------ Available data ------
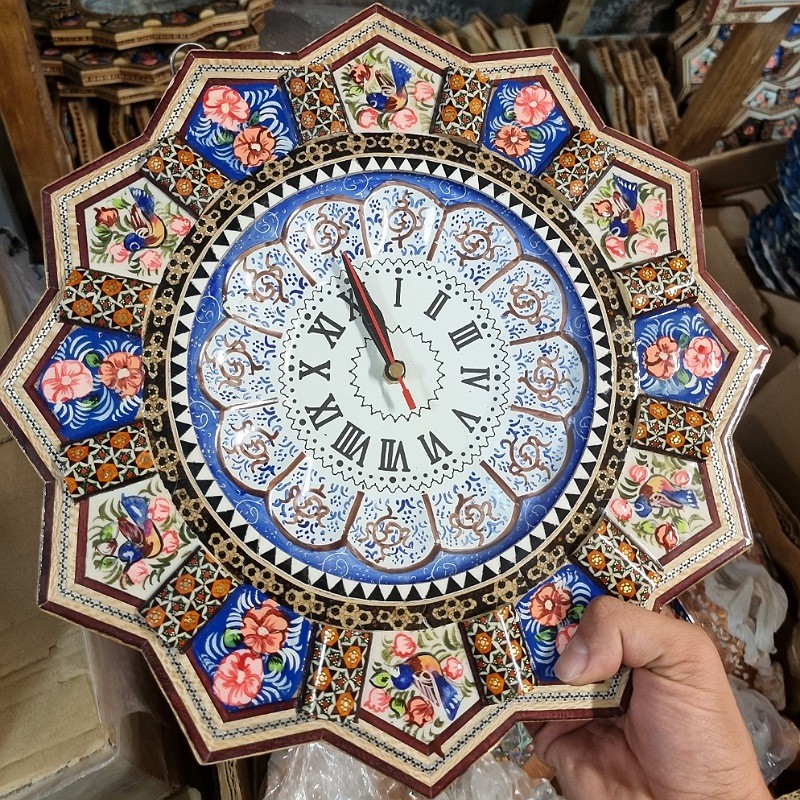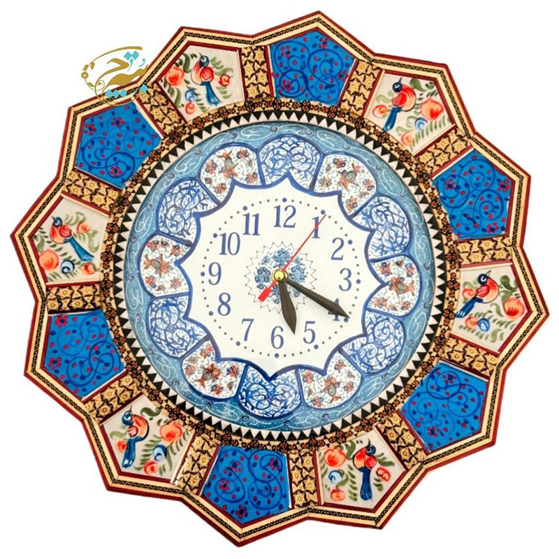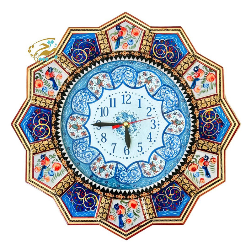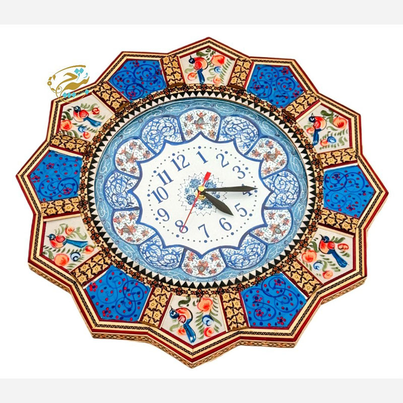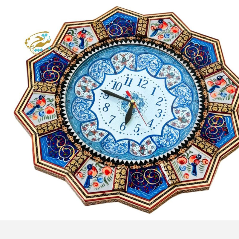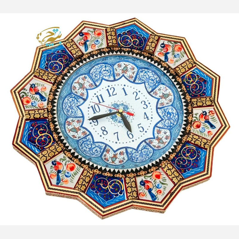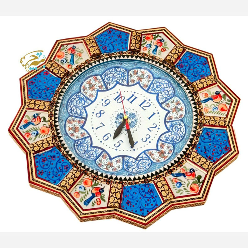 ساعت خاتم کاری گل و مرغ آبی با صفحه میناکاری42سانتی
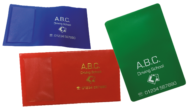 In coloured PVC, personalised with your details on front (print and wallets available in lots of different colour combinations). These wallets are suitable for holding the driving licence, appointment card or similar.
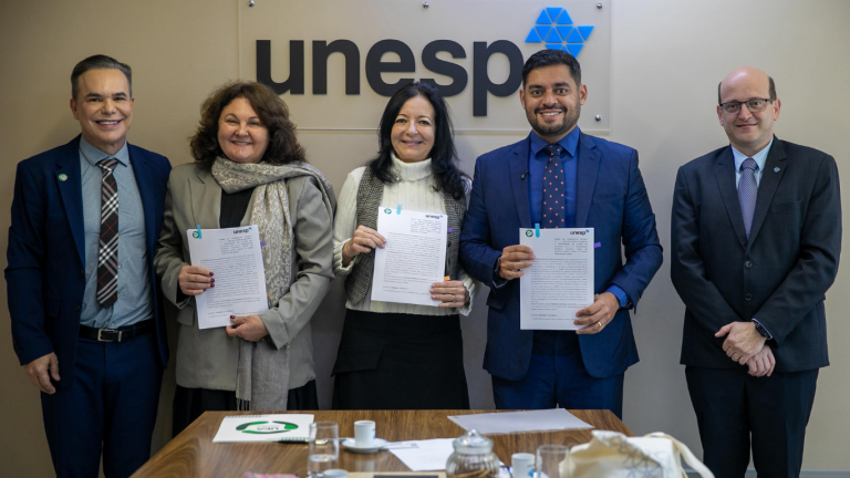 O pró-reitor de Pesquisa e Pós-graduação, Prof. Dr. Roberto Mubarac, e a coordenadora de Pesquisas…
------
▶ What is needed
Repeat every line of the data above exactly, but drop the pictures.

▶ Result of this task
 ساعت خاتم کاری گل و مرغ آبی با صفحه میناکاری42سانتی
 In coloured PVC, personalised with your details on front (print and wallets available in lots of different colour combinations). These wallets are suitable for holding the driving licence, appointment card or similar.
 O pró-reitor de Pesquisa e Pós-graduação, Prof. Dr. Roberto Mubarac, e a coordenadora de Pesquisas…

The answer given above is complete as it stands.